Ri was born in 1943 into a poor family in Tongchong in what is now southeastern North Korea and studied performance art at Pyongyang University of Theatre. She joined KCTV in 1971 and was promoted to chief news presenter just three years later. Over several decades, she has dodged demotions and survived political purges – common pitfalls for any job in North Korea – that ended the careers of many of her colleagues.
Her melodramatic delivery has reportedly won Ri the admiration of current leader Kim Jong-un, essential for surviving under what experts describe as the most brutal regime to date. She rarely departs from her bellicose style, though she wept on air when announcing the death of North Korea’s first leader Kim Il-sung, and the subsequent passing of his son and successor, Kim Jong-il.
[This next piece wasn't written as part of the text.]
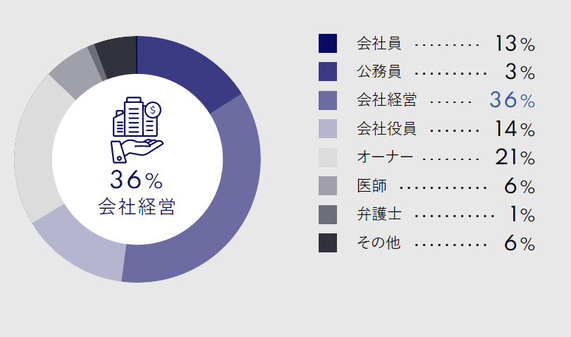 会員の半数以上の男性が会社経営や役員などの高所得者であることから、リッチなパパが多く利用していることがわかります。経済的にゆとりのある男性は、女性に対しても優しく振舞う紳士的な人が多いです。

Although she officially retired in 2012, Ri has made occasional comebacks for important military announcements and now spends most of her time training the next generation of presenters.
Before her retirement, she was a regular fixture on the nightly news, beamed into homes across the country announcing the daily happenings of the country’s leader: visits to steel mills, tours of cabbage fields and inspections of military bases.
In a rare profile in 2009, the state-run Chosun Monthly magazine reported that she lives a life of luxury in Pyongyang with her husband, children and grandchildren.
“[Her] voice grew to have an appeal, so that whenever she would speak on the news, viewers were touched,” the magazine said. “When Ri announced reports and statements, enemies would tremble in fear.”